In cases where one spouse has Alzheimer's and the other needs money to live on, asset transfers can be arranged. This strategy enumerates the couple's assets, and divides them in two. (The couple's home is exempt as long as the unaffected spouse continues living in it.) The half belonging to the affected individual can then be spent on nursing home care until Medicaid eligibility has been established. The half belonging to the unaffected spouse can be used by that person with no restrictions, and those assets in no way make the spouse with Alzheimer's ineligible for Medicaid.

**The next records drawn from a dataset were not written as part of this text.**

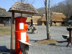 10:15・博物館を出る。出たあと、3年前のときにあった丸形ポストの位置をデジカメ撮影。3年前にあったポストはもちろんポロトコタン内(アイヌ民族博物館前)に移設しているため、今はありません。(2004.4.13提供) |
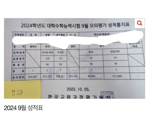 원글 삭제됐는데 올해 9모 성적표 보면 선택과목 화학 생명임
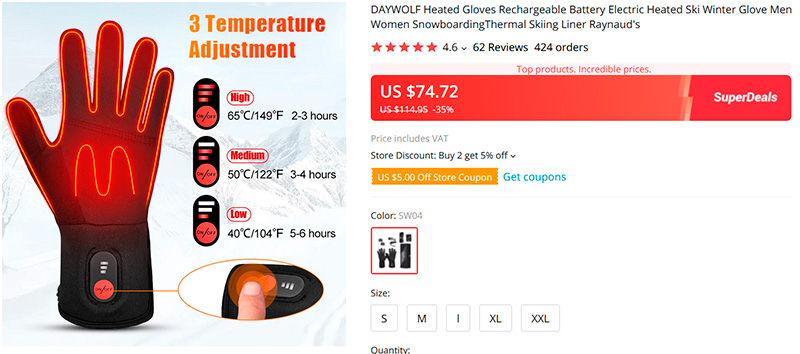 Очень даже актуальное для зимы - зимние перчатки с подогревом из углеродного волокна. Нагревательные элементы расположены на кончиках всех пальцев и на ладони. Три режима работы с регулировкой температуры от 40 до 65 градусов. При температуре в 40 градусов перчатки будут сохранять тепло до 5-6 часов. При температуре в 65 градусов - до 2-3 часов. Есть ускоренная доставка в Россию. И - да, это хороший подарок, между прочим!

However, asset transfers can be tricky. They must be arranged at least 30 months before the affected individual applied for Medicaid. In addition, you must keep detailed records, and present them for inspection when you apply. The Alzheimer's Association can help you arrange things. You might also need an accountant and an attorney. If you need a lawyer, find one experienced in handling Medicaid applications. For a referral, contact your local Bar Association.
It may be a struggle to obtain Medicaid benefits  -- even if you're confident that the person qualifies. The reason is that states generally interpret eligibility criteria conservatively in order to save money. Be persistent. File appeals if necessary. For more information, contact the Alzheimer's Association or the National Citizen's Coalition for Nursing Home Reform, 1424 - 16th St. N.W., Suite 202, Washington, D.C. 20036-2211; 202-332-2275. You may have to hire an attorney.